Make room for cake. Why? Because today marks the official birthday of the Marti Ink blog! (Cue the balloons and confetti.)
I would be lying if I said I hadn’t thought about creating my own blog sooner. For some reason the timing just felt right to take advantage of the opportunity now. I have to admit there is something freeing about being able to express myself to the world on my own terms. Well, that’s at least true for now anyway (as long as we don’t have to worry about censorship). But hey, I digress. That’s another post for another day.
Even though I don’t really care for “titles” too tough I see it as a personal accomplishment to add “blogger” to the list of creative things I already consider myself to be. There once was a time when I used to be hung up on job titles, like a lot of people, but not anymore. When I first moved to Chicago from Ohio I attended a social function where everyone mingled, ate and drank to their heart’s content. While minding my own business and people watching (which I love to do) a woman approached me and said, “So, what are you?” At first her question threw me off. Clearly she could see that I was a black woman. There was no hiding that, but I sensed that she was looking for more. With a confused look on my face I said, “Excuse me?” She gave a nervous laugh and rephrased her question. “What I’m asking is what do you do?”

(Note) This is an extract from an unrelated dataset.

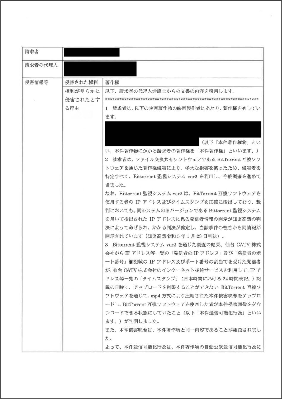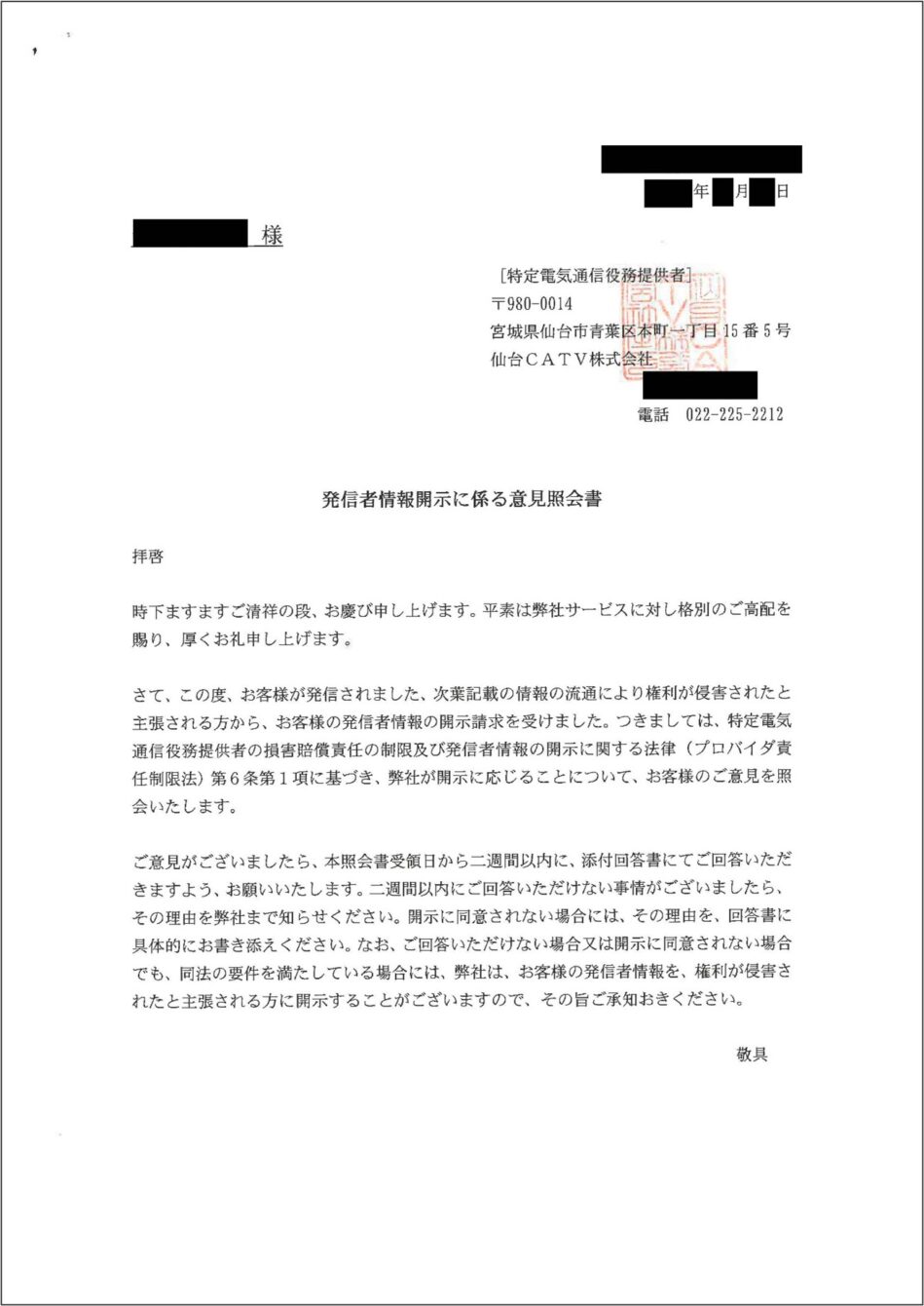 仙台CATV株式会社からの意見照会書には、「お客様が発信されました、次葉記載の情報の流通により権利が侵害されたと主張される方から、お客様の発信者情報の開示請求を受けました。」と記載がされており、その次のページにいわゆるテレサ式の書式による開示請求書類が添付されています。

Typically I, like most people, would quickly fill in that blank with whatever job title I happened to be holding at the moment, but back then I was at a major point of transition in my life. I had just moved to a new city, I didn’t have a job yet, and I was contemplating going back to school with what little money I had saved up. So, what did that make me? An out-of-work-want-to-be-student? Not a good look at a function like that.

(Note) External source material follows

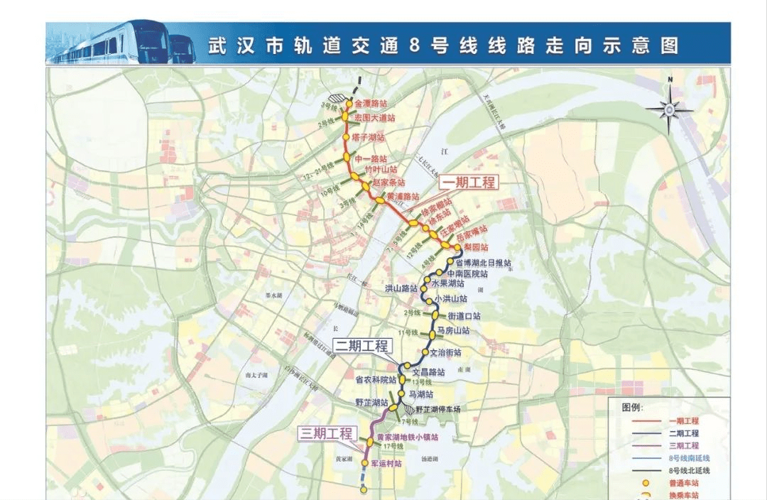 地铁 8 号线是武汉市第三条穿越长江的地铁线路,全长39千米,全部为地下线,共设26座车站,线路连接了汉口后湖、二七滨江,武昌徐东、东湖风景区、水果湖、街道口、南湖、黄家湖等区域,通达性较好。

Prior to my move to Chi-town I was an associate fashion designer conceptualizing girls graphic t-shirts, skirts and dresses for a popular clothing company with the initials A&F, a position people often seemed impressed by. Before that I was a student studying design, art and journalism. No one ever really passes judgment on students, unless of course you’re one of those who can’t seem to get it together long enough to graduate. But, at this social event I felt as though I was about to be judged if I didn’t give an answer that was short of anything other than “Oh, I’m assistant VP of Whatever-whatever Inc.” I was stumped; you could even say embarrassed. For the first time in my life I felt as though I had no identity, all because life had taken me for an unpredictable ride where I would have to reinvent myself. I had no fancy title to give.
To be honest, I can’t remember what answer I gave that woman that day about “what” I was. I do remember that the situation taught me a very important lesson, which is not to place too much importance on titles. After all, we are our experiences. Just because I wasn’t being paid by a huge corporation to design clothes, did that make me any less of a designer? No. If I still posses the skills to create fabulous garments and accessories I am still a designer.
At my core I am a creative person and always will be. I am also an artist, journalist and a writer of fiction. Over time I’ve come to the conclusion that the term I like to use that bests describes “what” I am is a “creative spirit.” Those two words encompass all of the things I love to do without pulling too heavily in one direction or another. To many the description is vague, but to me it feels complete (and makes for interesting conversation).
I know a title can’t make or break who I am, but now that I’m considered an official blogger I hope you decide to come back to Marti Ink on a regular basis. Your visit will be forever welcomed.
Until next time…
Before you go, here’s a question for you:
If you didn’t have your job title to fall back on how would you describe yourself?